CRS-4640 Error on Starting 11gR2 clusterware

I was working on a issue where in Clusterware was not coming up as private interface was down. Following errors were recorded in ocssd.log which informed that issue was with private interface

2011-08-31 15:03:38.051: [ CSSD][1090451776]clssnmvDHBValidateNCopy: node 2, testrac2, has a disk HB, but no network HB, DHB has rcfg 205815745, wrtcnt, 4418998, LATS 4634324, lastSeqNo 4418997, uniqueness 1314797539, timestamp 1314803017/4632384

Checking status of crs informed that the OHASD process was up and running but CRS,CSSD and EVMD processes were not running.

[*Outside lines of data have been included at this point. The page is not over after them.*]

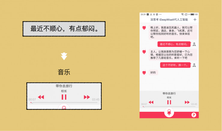 深思考会先为你放首歌舒缓一下心情,再利用机器学习根据以往听歌的爱好,推荐放松心情的歌,有点温暖小贴心哦!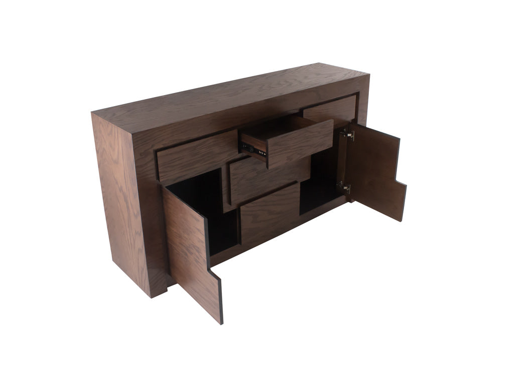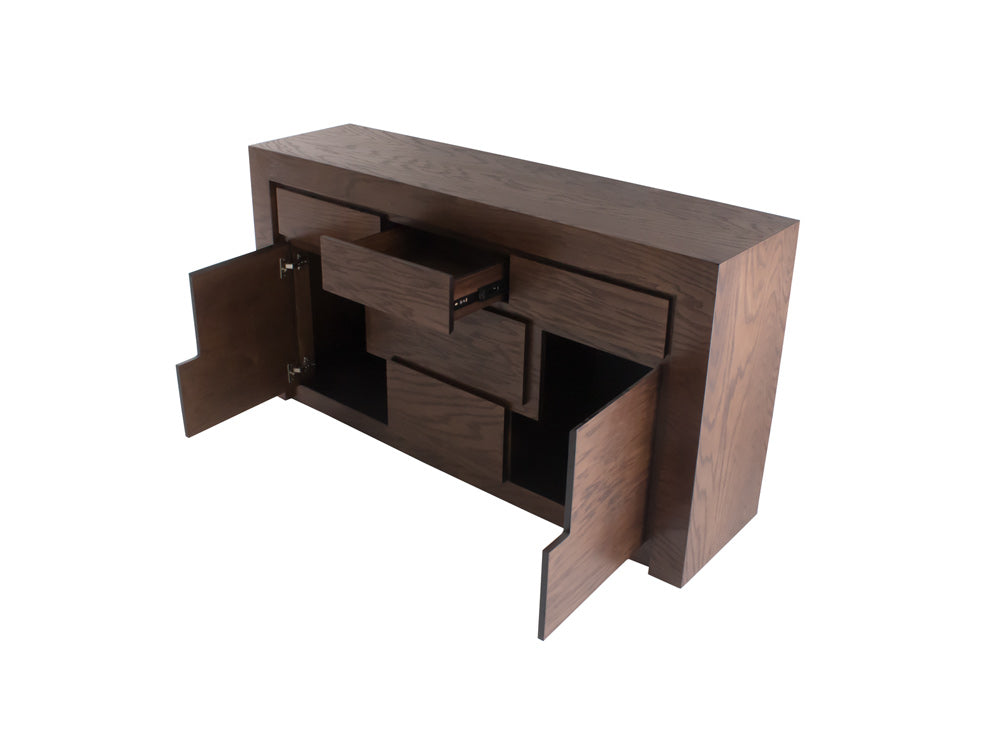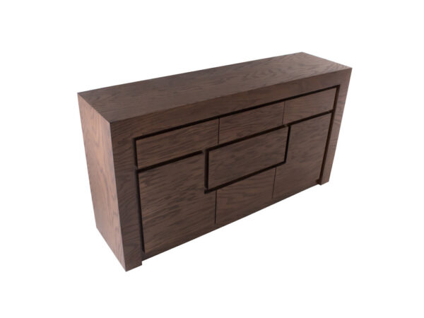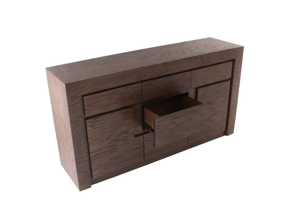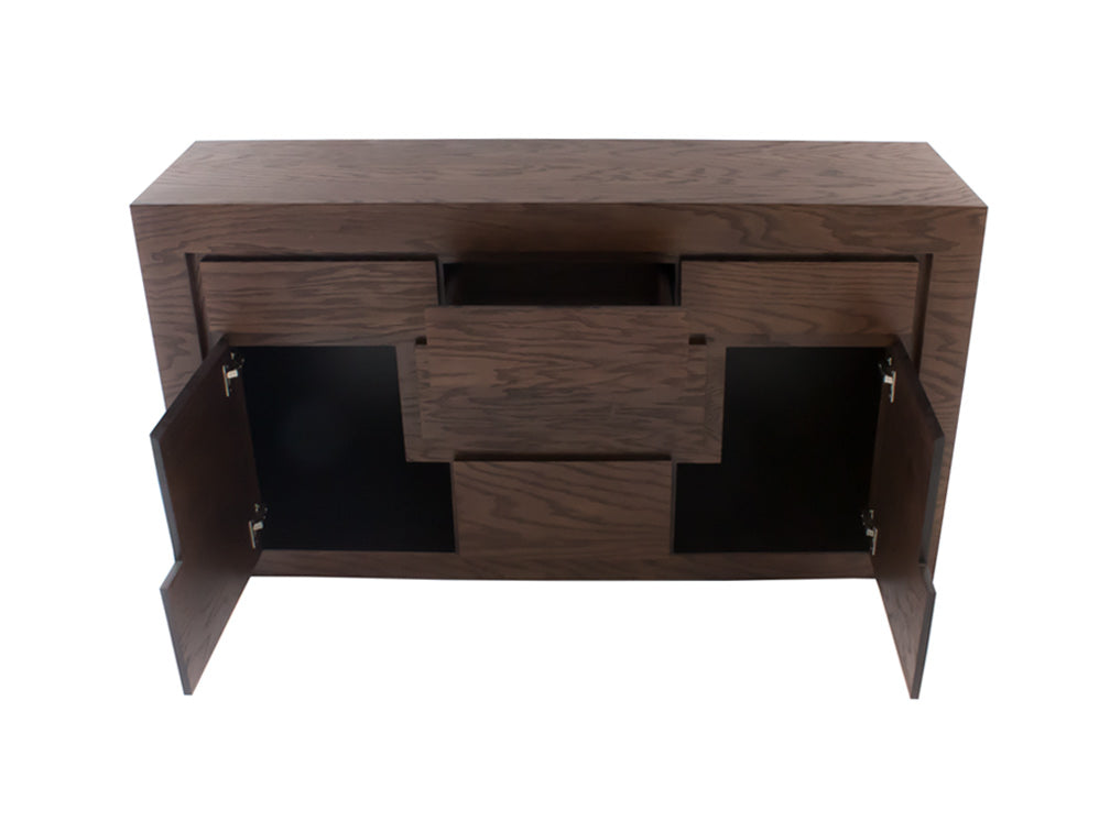 Y en los laterales inferiores tiene dos puertas para objetos más voluminosos. Además que los cajones cuentan con corredera de extensión.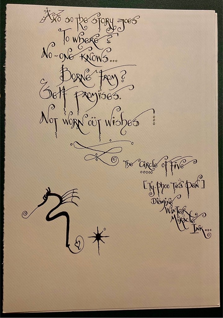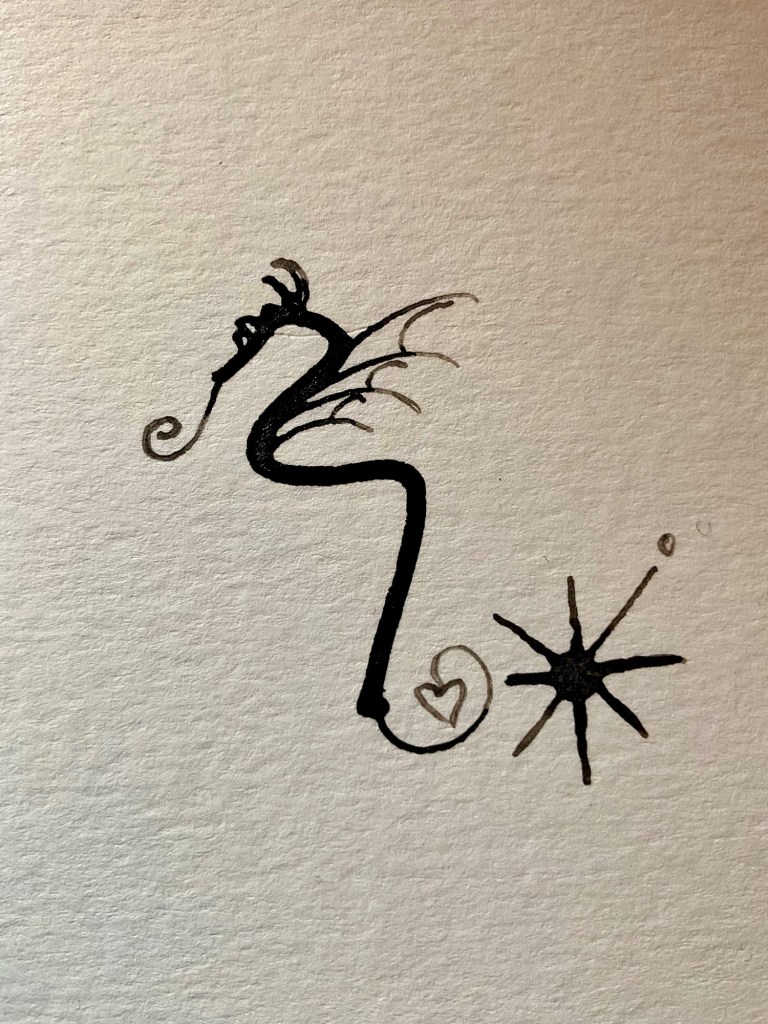 2023 brought a little Skwiggle Dragon into life. A simple 20 seconds result from a mistake of wondering how this new purchase of Pelikan art ink in a small plastic bottle, when squeezed, works on paper. The quick output of ink resulted in a subsequent other ‘quick’. ‘Quick! Do something’. Happened from the introduction of ink from skweeze-ing the bottle to available paper without prior deliberating outcomes of speed of delivery. The wet deep inky blackness spilled out and needed a flash of ‘Gosh! Unexpected! Very unexpected. Please don’t let me waste the paper or the ink’. Again, with uninformed improvisation ….’Quick! Turn that reverse S into something….anything’. Then grabbing a dip nib worked on the black wetness with simplicity of lines. Result? Skwiggle the Dragged Out, from said reverse S line, Dragon.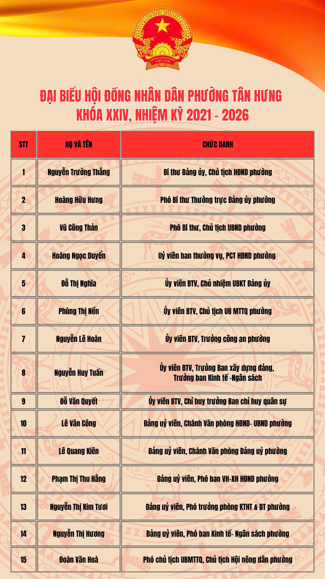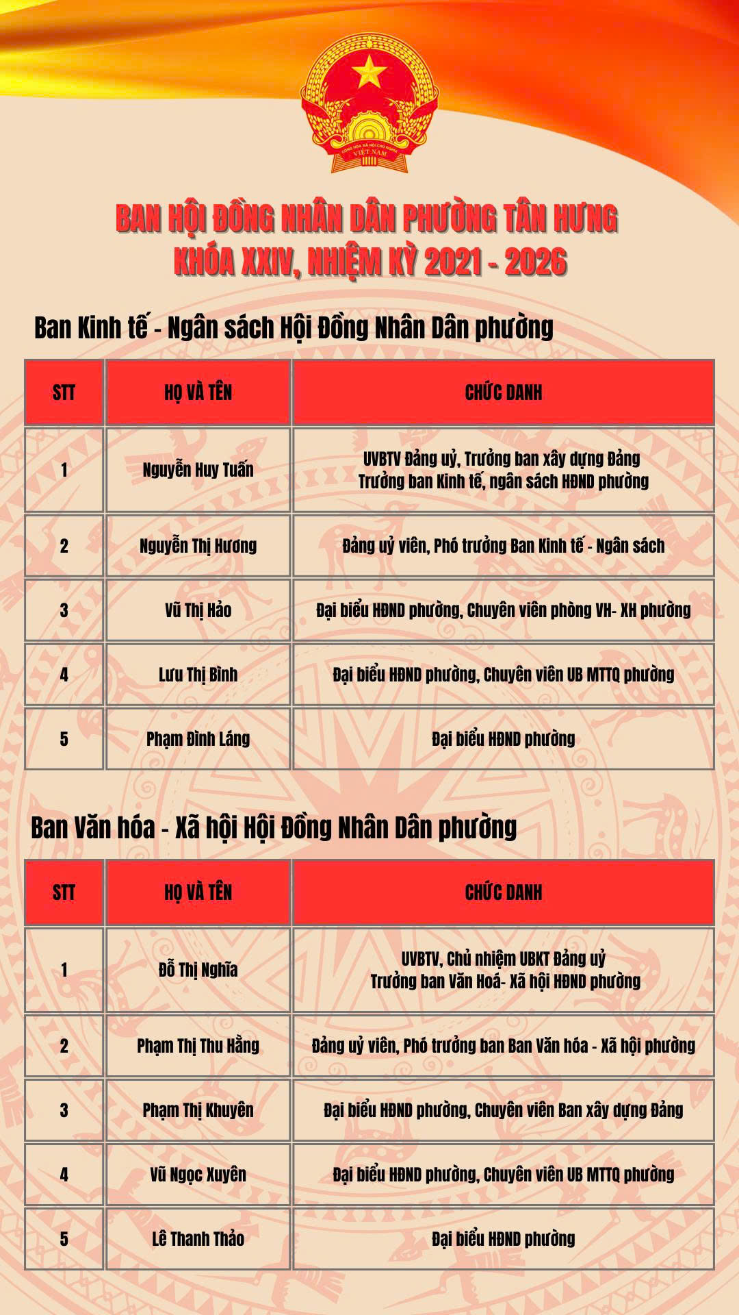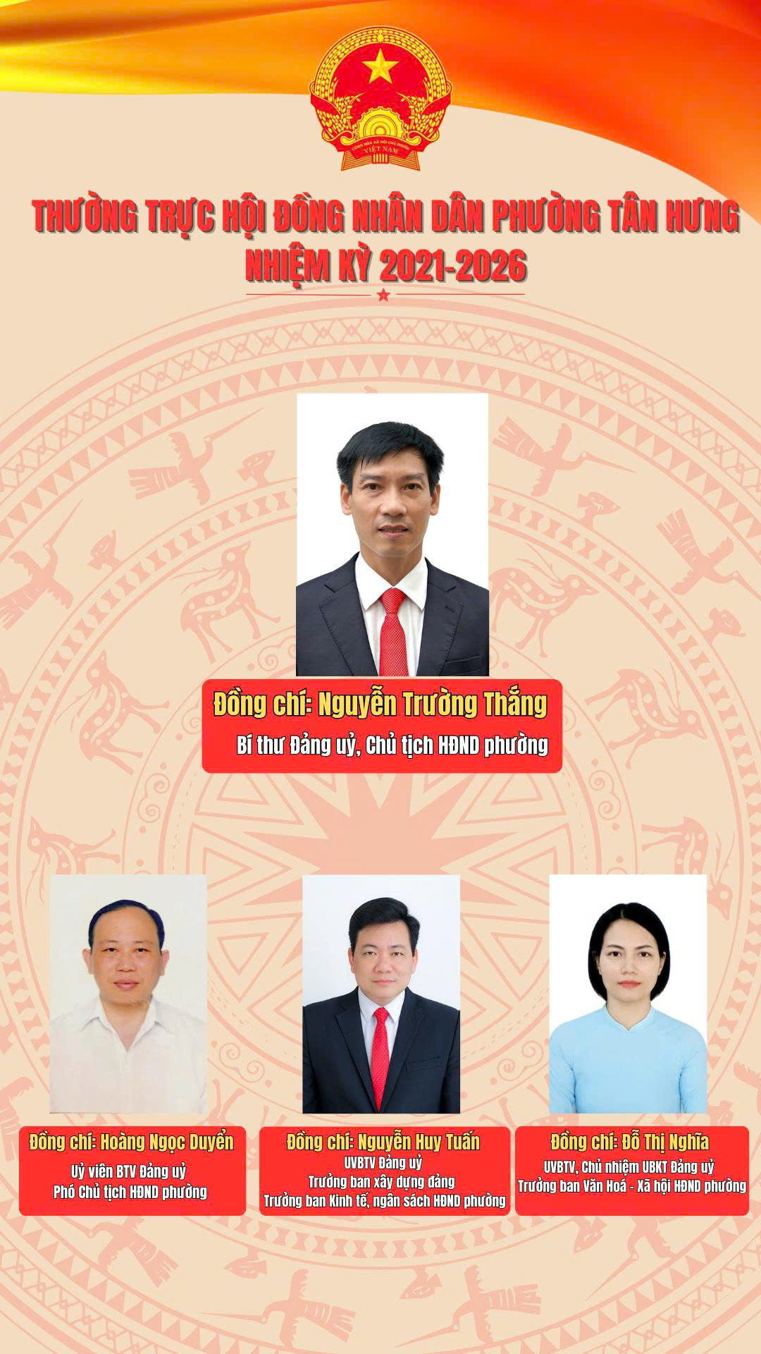 Thường trực Hội đồng nhân dân phường Tân Hưng nhiệm kỳ 2021-2026

[root@testrac1 cssd]# /oragrid/product/11.2/bin/crsctl check crs
CRS-4638: Oracle High Availability Services is online
CRS-4535: Cannot communicate with Cluster Ready Services
CRS-4530: Communications failure contacting Cluster Synchronization Services daemon
CRS-4534: Cannot communicate with Event Manager

After fixing the interface issue, we tried starting CRS with ‘crsctl start crs‘ command and it failed with following errors

[root@testrac1 cssd]# /oragrid/product/11.2/bin/crsctl start crs
CRS-4640: Oracle High Availability Services is already active
CRS-4000: Command Start failed, or completed with errors.

CRS-4640 is reported since OHASD is already running. In 11.2 OHASD is supposed to start the other dependent processes.

crsctl stop crs command failed

[root@testrac1 cssd]# /oragrid/product/11.2/bin/crsctl stop crs
CRS-2796: The command may not proceed when Cluster Ready Services is not running
CRS-4687: Shutdown command has completed with errors.
CRS-4000: Command Stop failed, or completed with errors.

Since ohasd was already running, I tried crsctl start cluster (this command requires ohasd to be up), and this command succeeded

[root@testrac1 cssd]# /oragrid/product/11.2/bin/crsctl start cluster
CRS-2672: Attempting to start 'ora.cssd' on 'testrac1'
CRS-2676: Start of 'ora.cssd' on 'testrac1' succeeded
CRS-2672: Attempting to start 'ora.cluster_interconnect.haip' on 'testrac1'
CRS-2672: Attempting to start 'ora.ctssd' on 'testrac1'
CRS-2676: Start of 'ora.ctssd' on 'testrac1' succeeded
CRS-2672: Attempting to start 'ora.crsd' on 'testrac1'
CRS-2672: Attempting to start 'ora.evmd' on 'testrac1'
CRS-2676: Start of 'ora.crsd' on 'testrac1' succeeded
CRS-5702: Resource 'ora.crsd' is already running on 'testrac1'
CRS-2676: Start of 'ora.evmd' on 'testrac1' succeeded
CRS-2676: Start of 'ora.cluster_interconnect.haip' on 'testrac1' succeeded
CRS-5702: Resource 'ora.cluster_interconnect.haip' is already running on 'testrac1'
CRS-4000: Command Start failed, or completed with errors.

[root@testrac1 ~]# /oragrid/product/11.2/bin/crsctl check crs
CRS-4638: Oracle High Availability Services is online
CRS-4537: Cluster Ready Services is online
CRS-4529: Cluster Synchronization Services is online
CRS-4533: Event Manager is online

Ideally crsctl start crs should be used to start the Clusterware components. But in case they fail to come up due to some issue (e.g voting disk inaccessible,interface issue) and you are in situation when ohasd is up then you can use crsctl start cluster to start the remaining clusterware processes after fixing underlying issue.I believe crsctl stop crs -f option can also be used, though I didn’t try it for this issue.